The application layer is utilized by end-user software like web browsers and email clients. It furnishes protocols that enable software to transmit and receive information and present meaningful data to users. Examples of application layer protocols include HTTP, FTP, POP, SMTP, and DNS.
Advantages of OSI Model
The OSI model benefits users and network operators by:
- Assisting in determining the necessary hardware and software for network construction.
- Facilitating understanding and communication of the process involved in components communicating over a network.
- Aiding in troubleshooting by pinpointing the problematic network layer, enabling focused resolution efforts.

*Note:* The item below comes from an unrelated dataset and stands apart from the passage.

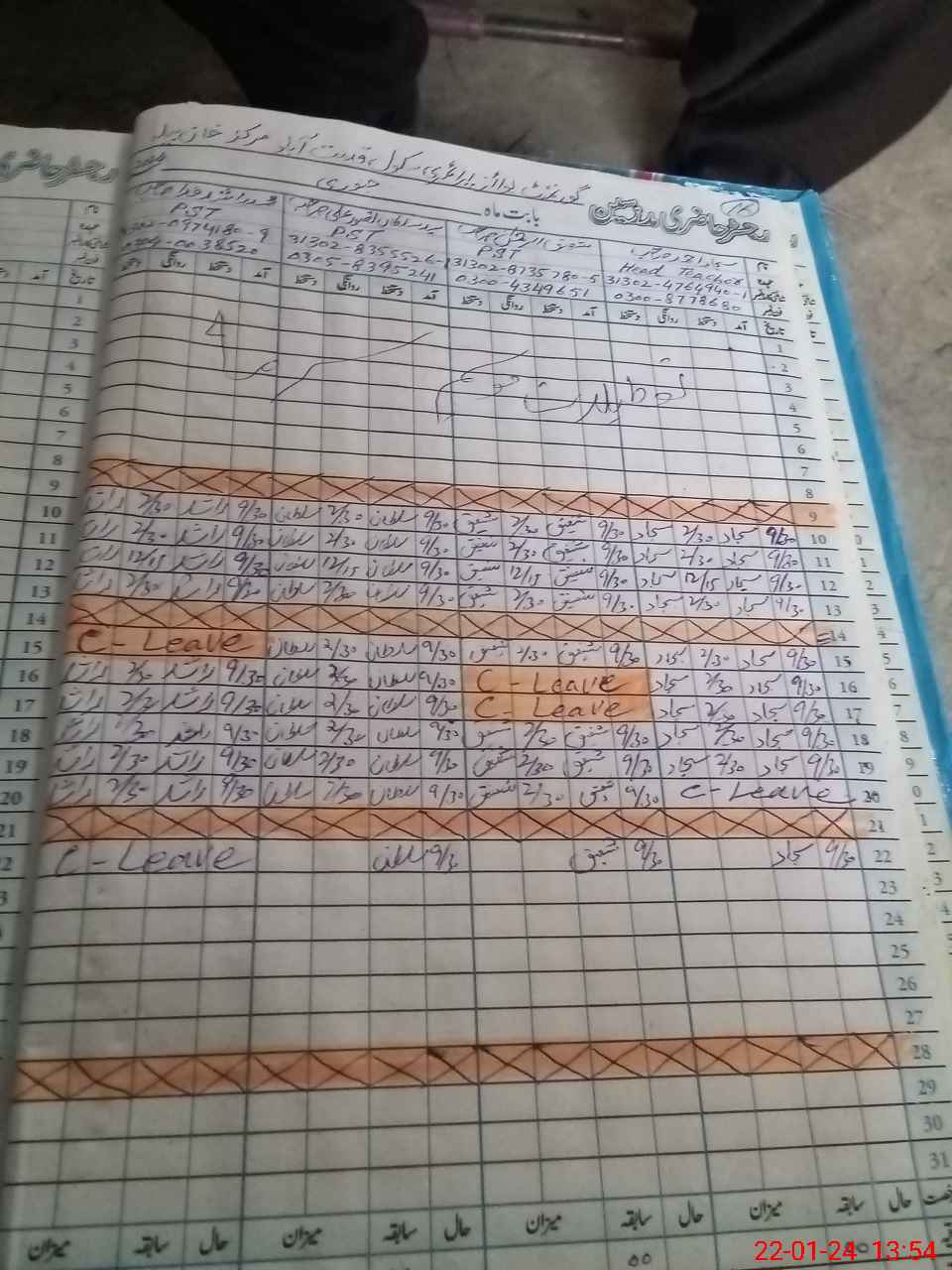 | CNIC | Full Name | Designation | R/C | Absence During Last Calender Month |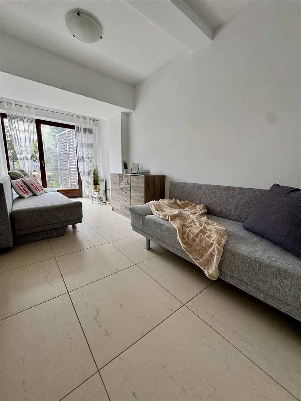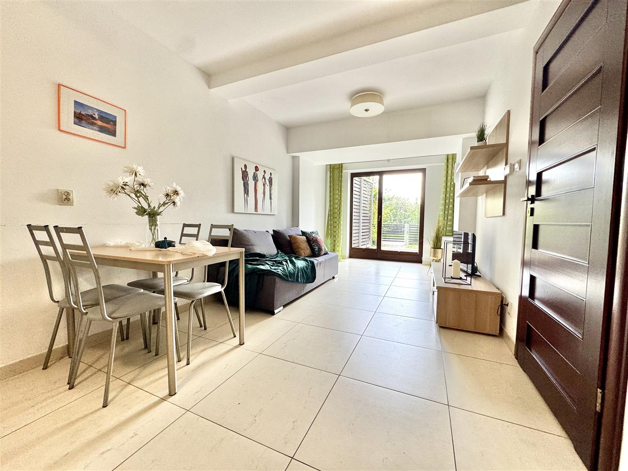 - przestronny salon z aneksem kuchennym i wyjściem na piękny, słoneczny ogródek (ogródek w części zagospodarowany deską kompozytową a w części zielenią),

For network device manufacturers and software vendors, the OSI model helps by:
- Enabling the creation of devices and software capable of interoperating with products from any vendor, fostering open interoperability.
- Defining the network components their products should interface with.
- Communicating to users the specific network layers their product operates within, such as solely at the application layer or across the entire stack.
OSI vs. TCP/IP Model
TCP/IP, created by the US Department of Defense, predates the OSI model and is simpler, combining multiple OSI layers into fewer:
- Layers 5, 6, and 7 of OSI are merged into one Application Layer in TCP/IP.
- Layers 1 and 2 of OSI are merged into one Network Access Layer in TCP/IP, but TCP/IP doesn’t handle sequencing and acknowledgment, leaving it to the transport layer.
Other key differences include:
- TCP/IP is a functional model designed to solve specific communication issues, while OSI is a generic, protocol-independent model.
- Most applications in TCP/IP use all layers, while in OSI, simple applications may not use all seven layers. Only layers 1, 2, and 3 are essential for any data communication in OSI.